Task prompt: From the line containing "A caneca é de" through the end of the material below, output each line exactly as written, with pictures excluded.

=-=-=

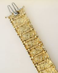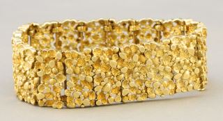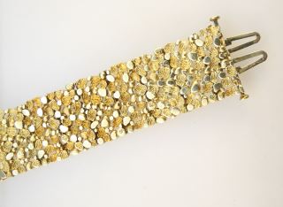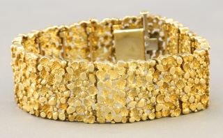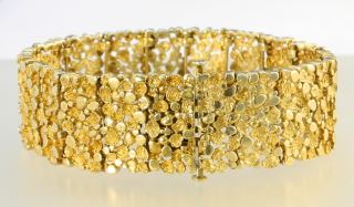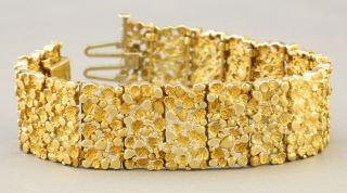 LOT 57 14K Gold Link Bracelet, 21mm x 7" With Textured Nugget Style Finish, 55.8 grams. Estimate: $2,000 - $2,500 Sold For: $2,500 Auction Date: Tuesday, August 13 2024 at 4:00 PM
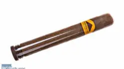 This 5.5×50 tubed stick features a dark brown rustic firmly packed wrapper with small veins, tight seams, double cap, buttery soft feel and pungent rich sweet coffee aroma finished with a closed foot. First light reveals an extremely tight draw with a possible knot near the band. Massaging it produced enough opening for a mild-medium smoke with very smooth aged tobacco like flavors of a slight sweet coffee with the same through the long finish. The first third gets a bit better construction wise, with a better draw and medium bodied smoke with flavors of a deep tobacco and oak on the draw with a dark sweetness joining in through the finish, almost a licorice flavor. The 1/2 way point comes at 35 minutes transitioning to a tobacco core with slight coffee and cocoa quickly followed by a deeper smooth plain finish. Construction is better with good thick smoke output, solid ash and a razor sharp burn. Finishing at 1:15 the last third just went to a plain earth.
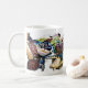 A caneca é de excelente qualidade, de bom peso e aparenta resistentência. O tamanho grande da caneca de 444 ml é muito prático, ela serve até para sobremesas. A alça é do tamanho certo para empunhadura, e oferece grande firmeza. A impressão ficou perfeita, a imagem ficou completamente nítida, e as cores vivas como na imagem do site.
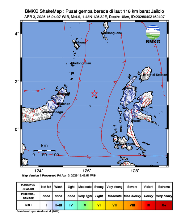 Hingga pukul 00.50 WIT, hasil monitoring BMKG belum menunjukkan adanya aktivitas gempabumi susulan (aftershock).
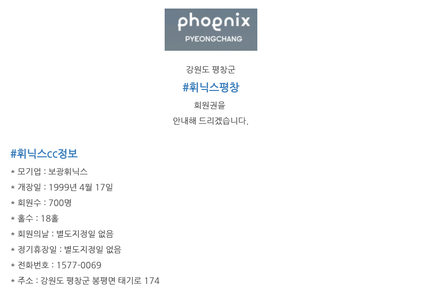 | 무기명회원권 팀그린피골프회원권 휘닉스평창회원권 휘닉스cc회원권안내입니다. (0) | 2021.06.28 |
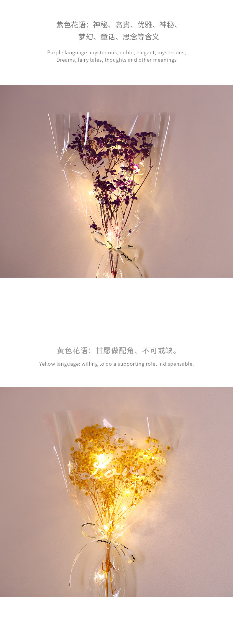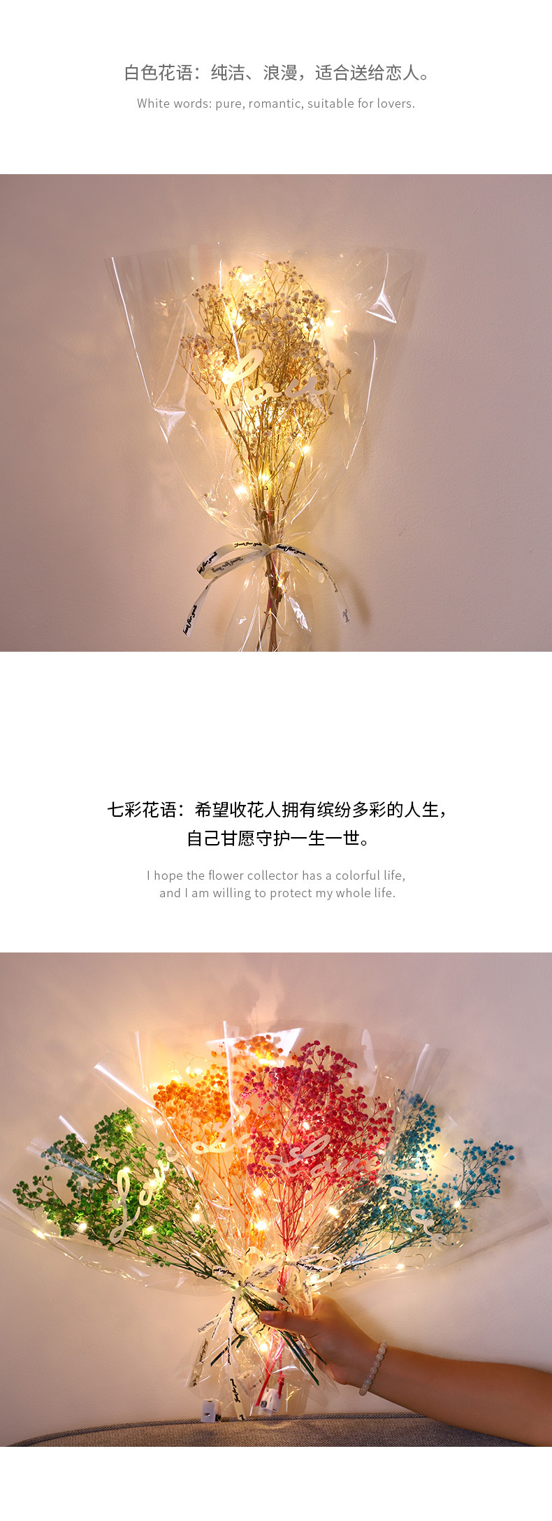 发光花束满天星干花地摊货源夜市成品单枝永生花七夕礼物商场活动
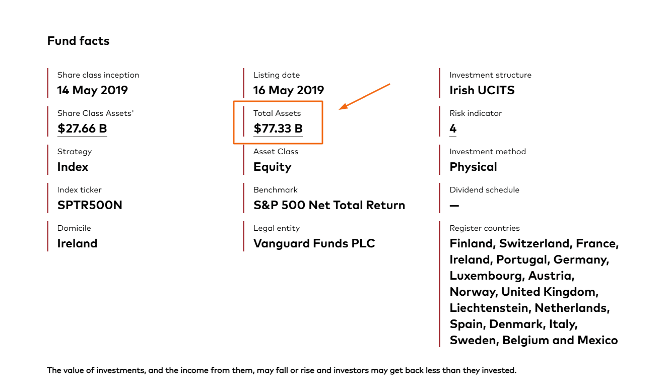 Taking the Vanguard S&P 500 UCITS ETF (VUAA) fact sheet as an example, you can verify the OCF is 0.07%, which helps keep costs low and can result in higher net returns over time:
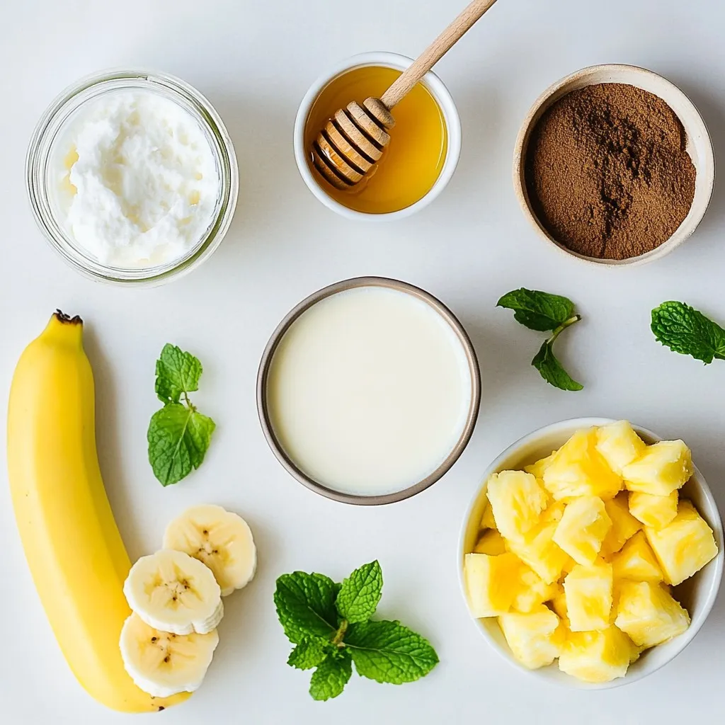 In a high-speed blender, combine the creamy coconut milk, rich eggnog, sliced ripe banana, well-drained crushed pineapple, honey or maple syrup, and ground cinnamon.

=-=-=

Response to this exercise:
 A caneca é de excelente qualidade, de bom peso e aparenta resistentência. O tamanho grande da caneca de 444 ml é muito prático, ela serve até para sobremesas. A alça é do tamanho certo para empunhadura, e oferece grande firmeza. A impressão ficou perfeita, a imagem ficou completamente nítida, e as cores vivas como na imagem do site.
 Hingga pukul 00.50 WIT, hasil monitoring BMKG belum menunjukkan adanya aktivitas gempabumi susulan (aftershock).
 | 무기명회원권 팀그린피골프회원권 휘닉스평창회원권 휘닉스cc회원권안내입니다. (0) | 2021.06.28 |
 发光花束满天星干花地摊货源夜市成品单枝永生花七夕礼物商场活动
 Taking the Vanguard S&P 500 UCITS ETF (VUAA) fact sheet as an example, you can verify the OCF is 0.07%, which helps keep costs low and can result in higher net returns over time:
 In a high-speed blender, combine the creamy coconut milk, rich eggnog, sliced ripe banana, well-drained crushed pineapple, honey or maple syrup, and ground cinnamon.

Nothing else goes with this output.